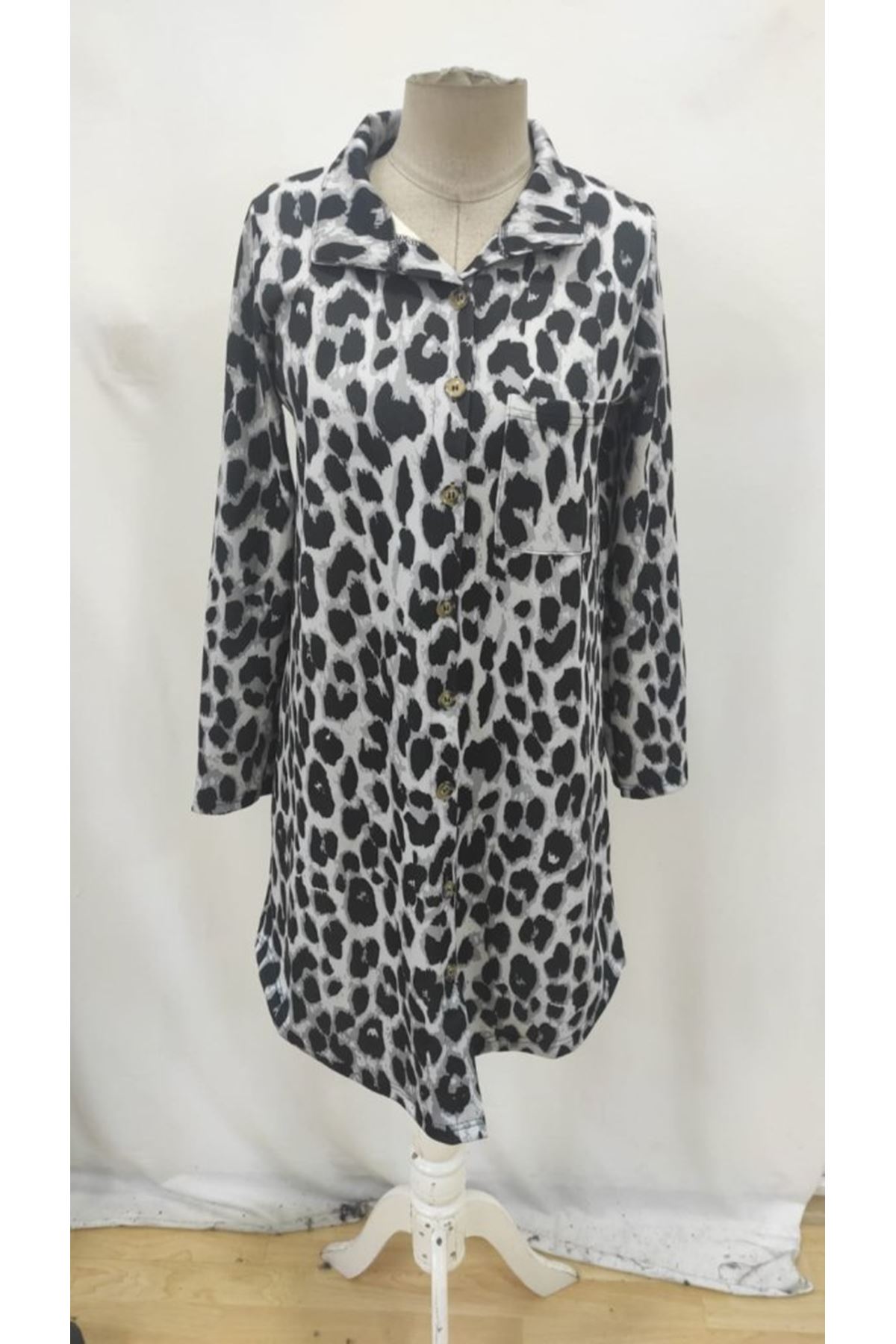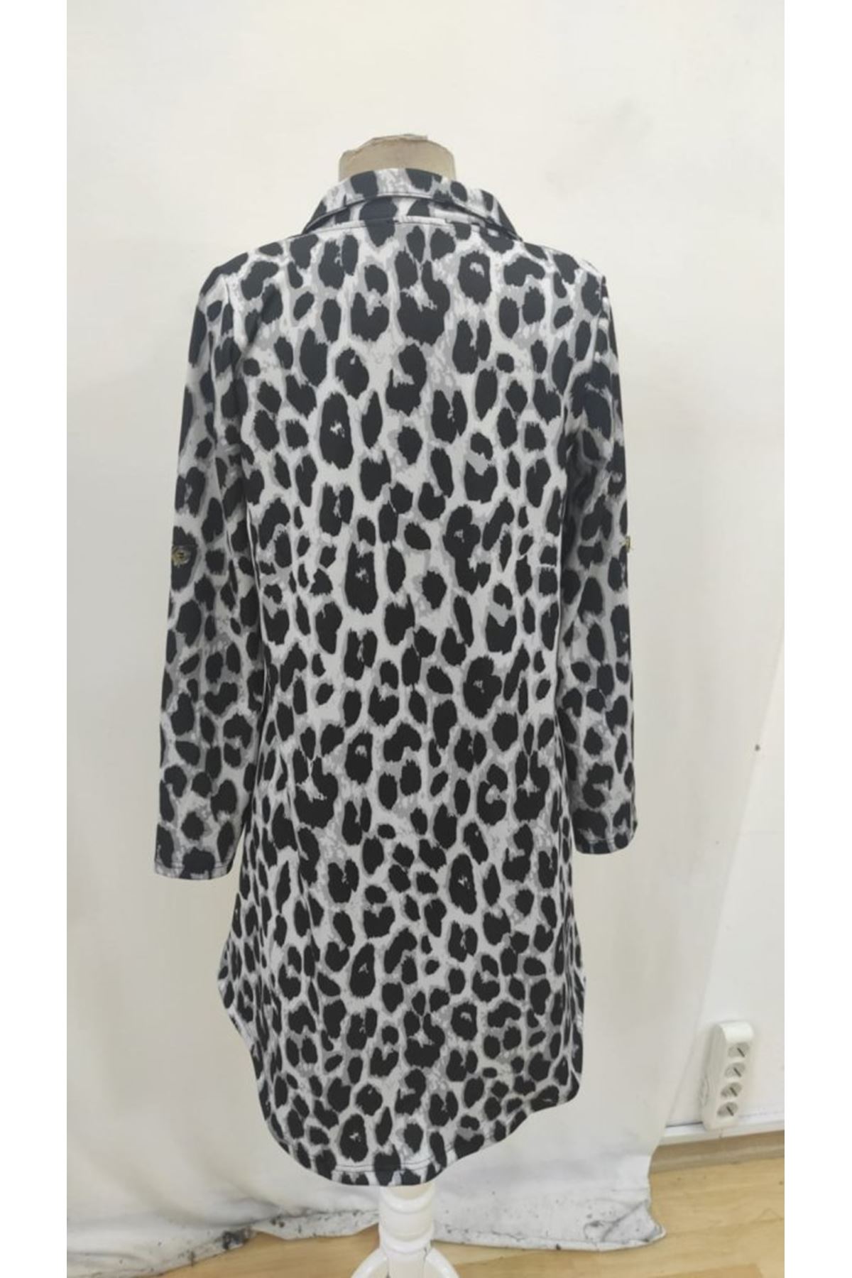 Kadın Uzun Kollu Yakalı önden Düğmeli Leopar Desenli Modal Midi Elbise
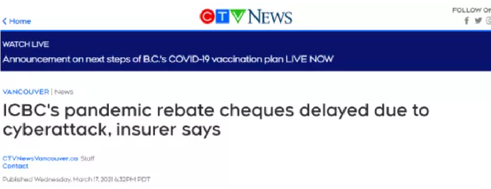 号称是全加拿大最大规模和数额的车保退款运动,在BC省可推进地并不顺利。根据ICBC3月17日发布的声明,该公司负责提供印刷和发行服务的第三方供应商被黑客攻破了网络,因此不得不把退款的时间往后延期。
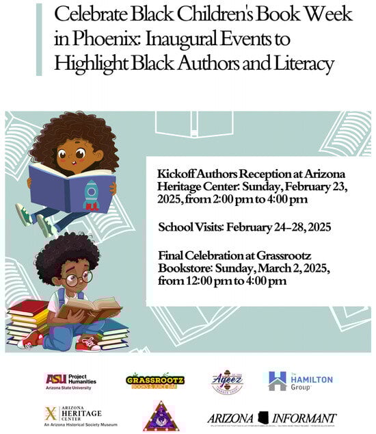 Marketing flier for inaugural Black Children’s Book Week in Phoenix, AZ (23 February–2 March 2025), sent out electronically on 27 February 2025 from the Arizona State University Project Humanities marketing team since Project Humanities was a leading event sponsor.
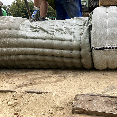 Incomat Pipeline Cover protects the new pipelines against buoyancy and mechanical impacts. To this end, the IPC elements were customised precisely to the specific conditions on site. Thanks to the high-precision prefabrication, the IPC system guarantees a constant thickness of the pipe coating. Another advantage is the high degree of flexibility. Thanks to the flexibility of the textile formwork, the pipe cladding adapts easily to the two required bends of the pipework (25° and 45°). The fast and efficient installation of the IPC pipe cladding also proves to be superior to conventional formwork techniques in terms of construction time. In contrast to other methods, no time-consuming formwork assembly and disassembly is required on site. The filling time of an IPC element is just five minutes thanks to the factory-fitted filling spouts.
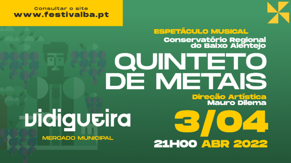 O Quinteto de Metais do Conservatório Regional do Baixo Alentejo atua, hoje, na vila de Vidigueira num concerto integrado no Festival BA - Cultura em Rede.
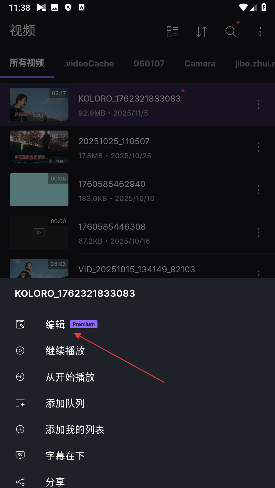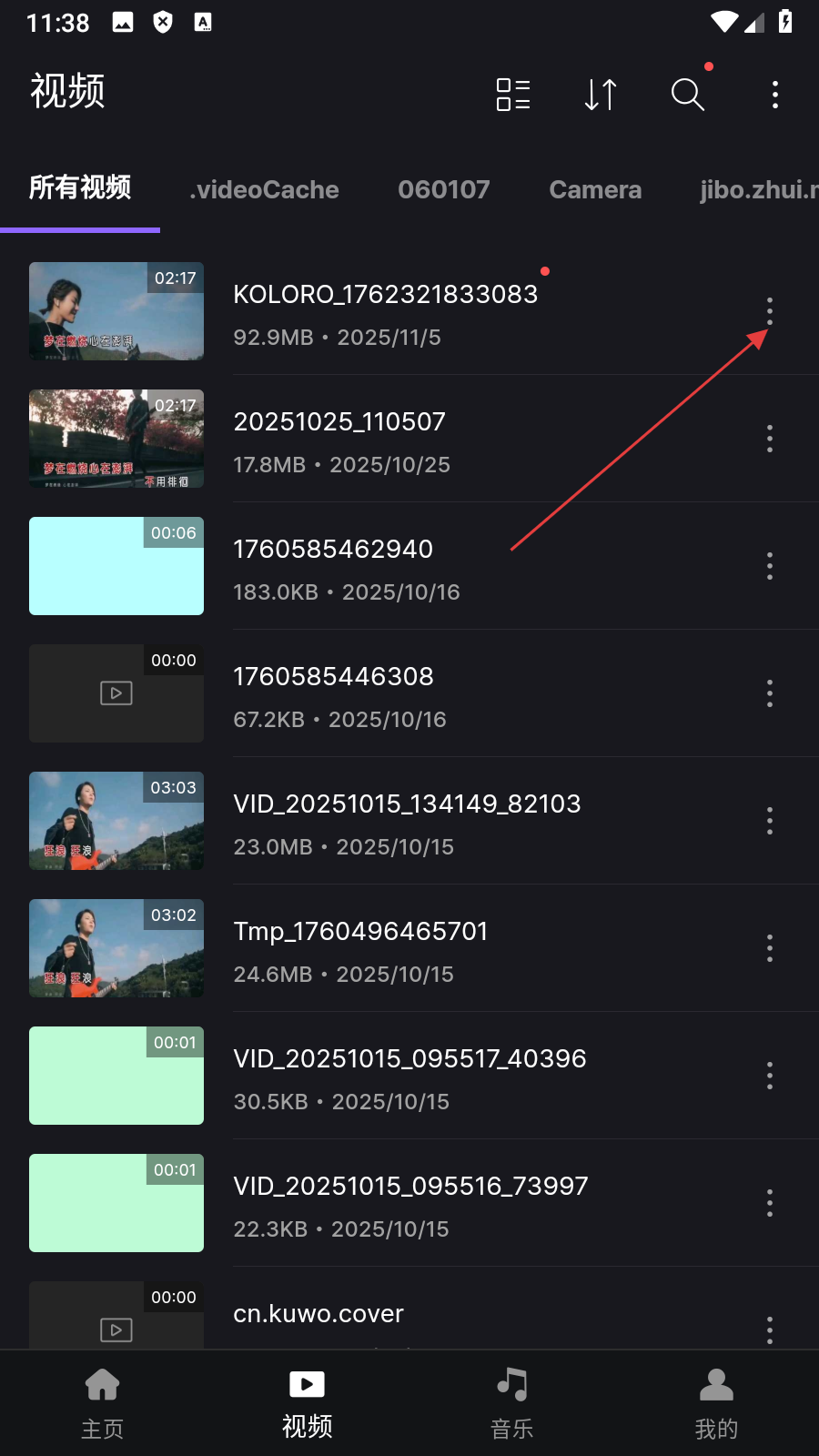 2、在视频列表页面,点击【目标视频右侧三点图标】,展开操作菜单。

= = = =

◆ **YOUR GOAL**:
Lines starting at the one with "O Quinteto de" and ending at the last line of the entries above must be restated word for word, with pictures omitted.

◆ **WRITTEN REPLY**:
 O Quinteto de Metais do Conservatório Regional do Baixo Alentejo atua, hoje, na vila de Vidigueira num concerto integrado no Festival BA - Cultura em Rede.
 2、在视频列表页面,点击【目标视频右侧三点图标】,展开操作菜单。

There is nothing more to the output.